Chelsie Gemperline says she was attacked on Oct. 11, 2008, after Spike had experienced another month-long gap in training.

Police had been questioning Gemperline on suspicion of underage drinking. Facing arrest, Gemperline became belligerent, and officers handcuffed her and put her in a squad car.

Gemperline later slid one of her hands out of the cuffs, opened the patrol car window, fled and hid inside of a children's playhouse that she found in a neighboring yard.

Clark had Spike on a 20-foot line to track down the girl, and the pair entered the yard where Gemperline was hiding.

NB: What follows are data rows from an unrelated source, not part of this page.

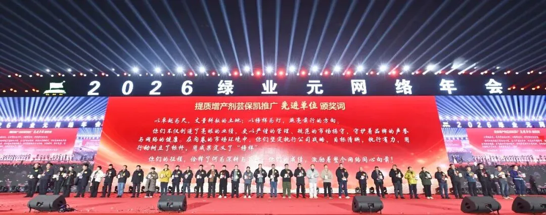 范总指出,任何一家企业的持续发展,都离不开“五项管理”:心态管理、目标管理、运营管理、效率管理、行动管理。他强调,只要这五个方面做得好,团队必然成长,销售必然增长,企业一定在发展强大的进程中。范总的培训,源于几十年的经营管理实践,深入浅出、直击本质,为全体网络家人献上了一堂既深刻又实用的管理运营课,赢得全场阵阵掌声。30日晚,一场由绿业元员工自编自导的盛大颁奖联欢晚会,将本届年会气氛推向高潮。本次大会,是一次全国网络家人的盛大团聚,更是一场高价值、强赋能的年度培训盛会。大会的成功召开,加深了网络感情,赋能了团队运营,明确了发展战略,全网全员斗志昂扬,携手奋进,必将加快提质增产技术的推广与应用,实现2026年持续增长,为我国粮食安全和农业增产农民增收做出更大贡献!
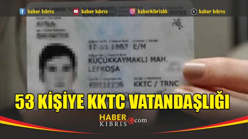 Bakanlar Kurulu, 53 kişinin Kuzey Kıbrıs Türk Cumhuriyeti vatandaşlığını onayladı.
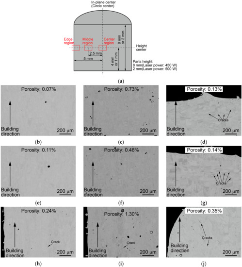 As shown in Figure 13a, cross-sectional observations were made in three regions: the center of the plane (circular center), the middle of the edge and the center of the plane, and the region including the edge. Figure 13b to j show the results of cross-sectional observation in each regions of the parts made by both conditions. Each image also shows the porosity ratio calculated by using the black area as porosity. When cracks were observed, the typical crack positions were indicated by arrows.

Spike then leaped head first through the playhouse window and began biting Gemperline on her chin and thigh. Clark pried the dog off of the girl after her screams had stopped and she had either passed out or gone into shock.

Campbell filed his suit against the department, Kruithoff and Clark about a week after Gemperline's attack. The girl joined his lawsuit as a co-plaintiff in June 2009.

Though the defendants claimed that they had qualified immunity, a federal judge in Cincinnati refused to grant them summary judgment.

A three-judge appellate panel affirmed last week.

The decision notes that Clark "failed to give warnings to either of the suspects prior to Spike biting them."

"Even more important to this case is the question of whether or not Spike was properly trained," Donald wrote. "In both instances, Spike attacked the suspects without warning or a command from Clark. ... Clark allowed a 'bite and hold' dog, whose training was questionable, to attack two suspects who were not actively fleeing and who, because of proximity, showed no ability to evade police custody.

for excessive force, failure to supervise and failure to properly train.

Citing precedent, Donald said, "there is ample evidence to suggest that Clark acted contrary to clearly established law when he used an inadequately trained canine, without warning, to apprehend two suspects who were not fleeing."

Though Kruithoff had a supervisory role, the court would not let him off the hook.

"Chief Kruithoff allowed Spike in the field even after his training had lapsed," Donald wrote. "He never required appropriate supervision of the canine unit and essentially allowed it to run itself. He failed to establish and publish an official K-9 unit policy, and he was seemingly oblivious to the increasing frequency of dog-bite incidents involving Spike. Furthermore, Chief Kruithoff ignored Clark's many complaints regarding his need to keep Spike up to date on his training. Thus, Chief Kruithoff's apparent indifference to maintaining a properly functioning K-9 unit could be reasonably expected to give rise to just the sort of injuries that occurred. The district court correctly determined that the disputed facts preclude granting summary judgment."

In a partial dissent, Judge David McKeague said Kruithoff and Springboro deserved immunity.

"To hold Kruithoff liable in his individual capacity for injuries shown to be caused by deficiencies in Spike's training or officers' training, plaintiffs must show that Kruithoff 'at least implicitly authorized, approved, or knowingly acquiesced' in the violations and injuries sustained by plaintiffs Campbell and Gemperline," McKeague wrote. "Plaintiffs have neither alleged nor presented any evidence to support a finding of Kruithoff's personal involvement in these incidents."

While Springboro "could be held liable for a policy of deliberate indifference to obvious inadequacies in training or supervision," he added that "the record falls short of establishing a sufficient history of canine-unit-related constitutional violations to put the city on notice of obvious inadequacies."